It looks like Oracle has fixed this in 5.5.48/5.6.29/5.7.11 under "22295186", which is not mentioned in their release notes:
$ git log --oneline --grep 22295186
d9f89ff Bug #22295186: CERTIFICATE VALIDATION BUG IN MYSQL MAY ALLOW MITM
70f1aa4 Bug #22295186: CERTIFICATE VALIDATION BUG IN MYSQL MAY ALLOW MITM.

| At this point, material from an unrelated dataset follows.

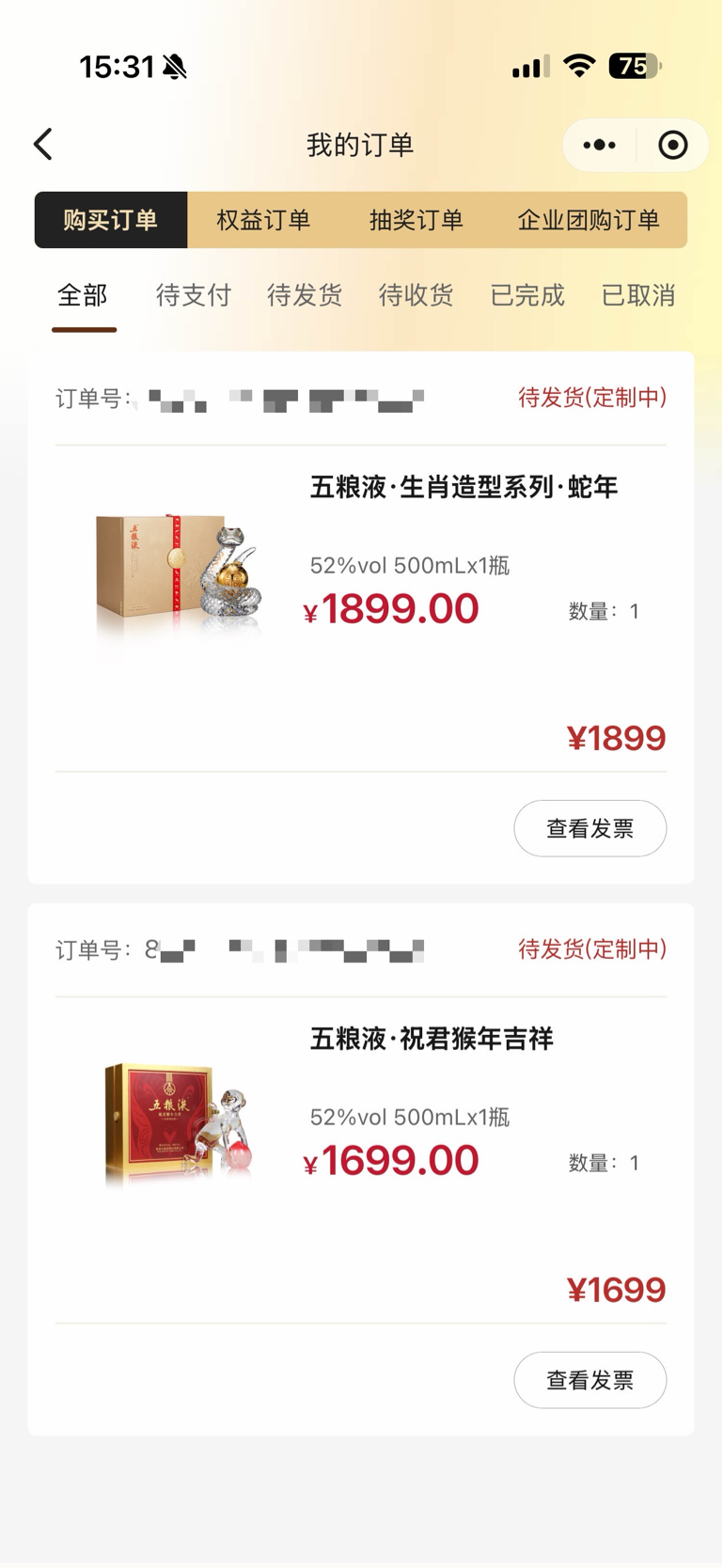 $五 粮 液(SZ000858)$ 定制中...静待发货。虽然不如抢到的生日号码五星茅子70周。但好歹是股东纪念。
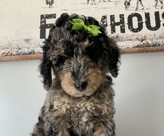 Poppy is a small standard coming in at 38lbs. She is extremely smart and sweet. She is very calm. She is a wonderful, nurturing mother. Her and her puppies are raised with lots of love. She is genetically cleared through animal genetics. Her puppies are perfect and super smart!

13380bf Bug #22295186: CERTIFICATE VALIDATION BUG IN MYSQL MAY ALLOW MITM
It looks like Oracle has fixed this in 5.5.48/ 5.6.29/ 5.7.11 under "22295186", which is not mentioned in their release notes:
$ git log --oneline --grep 22295186
d9f89ff Bug #22295186: CERTIFICATE VALIDATION BUG IN MYSQL MAY ALLOW MITM
70f1aa4 Bug #22295186: CERTIFICATE VALIDATION BUG IN MYSQL MAY ALLOW MITM.
13380bf Bug #22295186: CERTIFICATE VALIDATION BUG IN MYSQL MAY ALLOW MITM
We will take the fix by merging those versions.